For recording a high resistance, you can employ a reliable technique that is the inverse of the one detailed above for measuring low resistances. In this approach, a voltage is forced, and the current is measured so that the resistance be calculated (again in accordance with Ohm’s Law). There are a few ways that you can perform this method:

The first method needs a high-precision instrument which is designed to measure at very low currents. If your voltage source and current meter have a negligible resistance, you can force 5 volts through the meter connected to the DUT and record the current. For example, if the resistance is a million ohms (1 mega-ohm), the current would be relatively small at 5 μA.

A different method for measuring large resistances is to employ a voltage source in series, alongside a known test resistance that will stimulate the unknown resistance, followed by measuring the voltage across the test resistance (see Figure 3 below).
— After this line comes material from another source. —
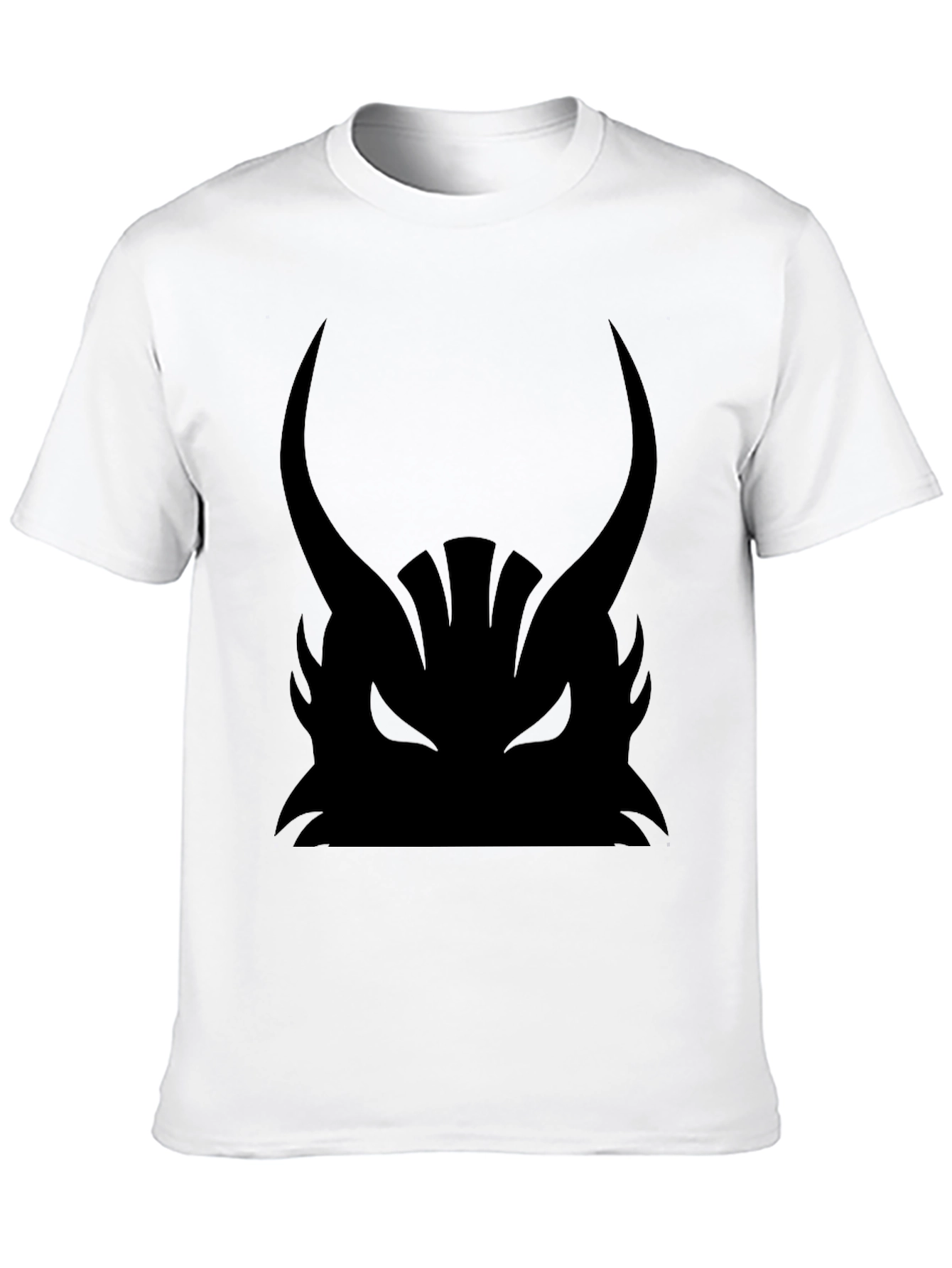 Make a bold statement with this striking men's black graphic tee. The shirt features a distinctive samurai helmet design in a solid black silhouette, creating a powerful and mysterious aesthetic. Constructed from a comfortable, breathable fabric, this tee is perfect for everyday wear. Its classic fit and short sleeves offer versatility, making it an ideal choice for casual outings, concerts, or simply lounging at home. Showcase your unique style with this eye-catching and effortlessly cool tee. The striking graphic and comfortable fit make this T-shirt a must-have in any modern man's wardrobe. Pair it with jeans, shorts, or chinos for a variety of stylish looks.

With the value of the test voltage source already known, alongside the known resistance and the voltage across this resistance (including Ohm’s Law and bit of algebra), enables you to determine the unknown resistance:  Figure 3. Sourcing Voltage Through a Known Resistor

For this technique to be effective, the value of the test resistance needs to be within one or two orders of magnitude of the unknown resistance. Again, your voltmeter will need to have a good accuracy, otherwise an error will be present in your measurements. Additionally, the voltmeter used to measure Vtest should not load the circuit, i.e. its input impedance should be around 100 to 1,000 times greater than Rtest.

Another problem with performing high resistance measurements, is that, even when insulated cables are used, no insulation is 100% perfect—there is always some form of current leakage. For example, there could be 10 million ohms of resistance between the center of the wire and the surface it is placed on, so the current leakage could affect your measurement in an adverse manner.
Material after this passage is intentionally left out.